Record extracts:
————————

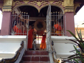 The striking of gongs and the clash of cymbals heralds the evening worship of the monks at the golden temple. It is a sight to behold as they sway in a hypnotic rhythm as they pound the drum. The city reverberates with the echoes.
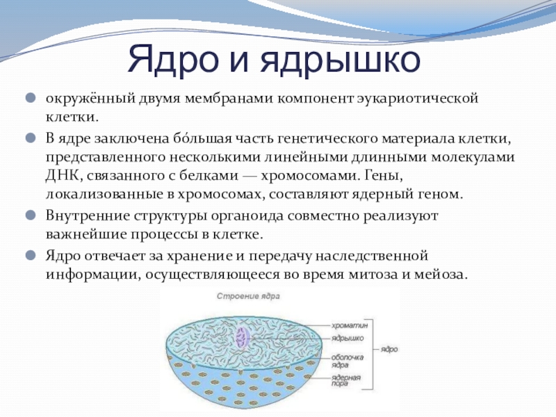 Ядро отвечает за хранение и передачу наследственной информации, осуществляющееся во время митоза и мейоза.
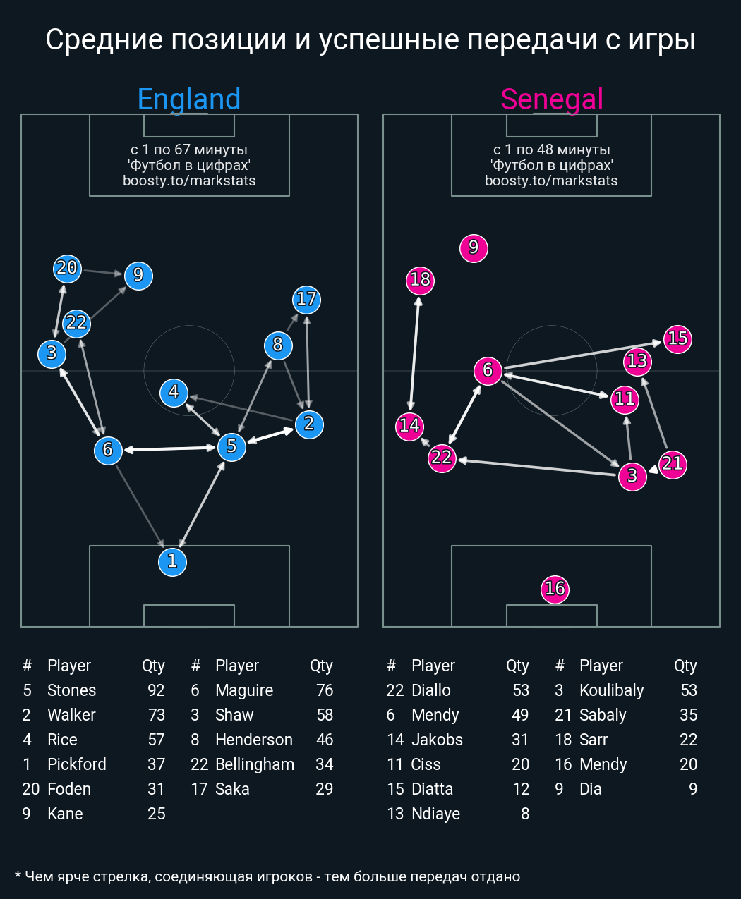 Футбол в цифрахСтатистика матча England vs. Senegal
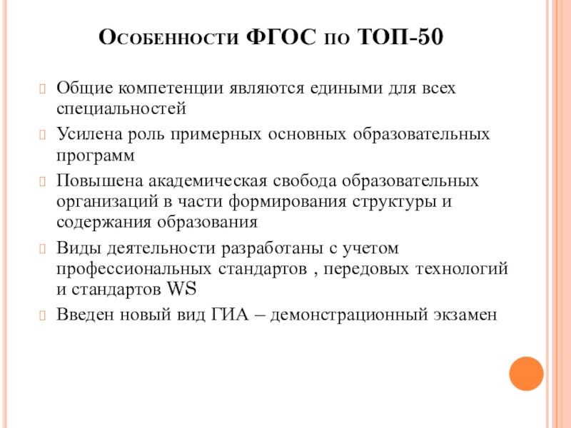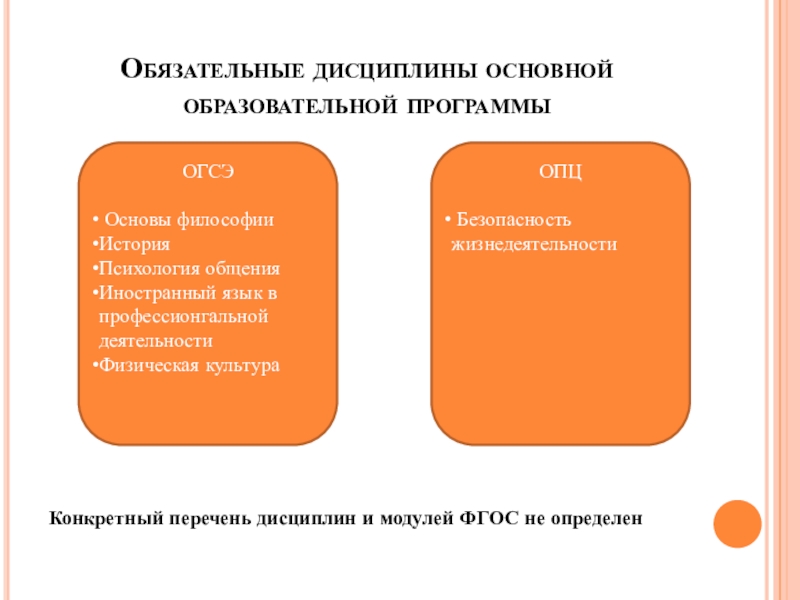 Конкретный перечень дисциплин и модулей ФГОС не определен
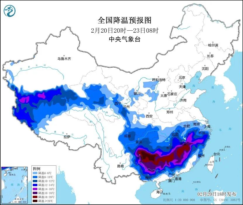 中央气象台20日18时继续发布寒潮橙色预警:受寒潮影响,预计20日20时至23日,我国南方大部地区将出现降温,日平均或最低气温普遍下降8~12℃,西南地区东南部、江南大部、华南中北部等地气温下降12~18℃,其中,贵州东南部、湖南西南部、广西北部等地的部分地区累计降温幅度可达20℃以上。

————————

Try it: Set down word for word each line from the one containing "Конкретный перечень дисциплин" through the end of the material, and keep the pictures out of it.

Solution to the problem:
 Конкретный перечень дисциплин и модулей ФГОС не определен
 中央气象台20日18时继续发布寒潮橙色预警:受寒潮影响,预计20日20时至23日,我国南方大部地区将出现降温,日平均或最低气温普遍下降8~12℃,西南地区东南部、江南大部、华南中北部等地气温下降12~18℃,其中,贵州东南部、湖南西南部、广西北部等地的部分地区累计降温幅度可达20℃以上。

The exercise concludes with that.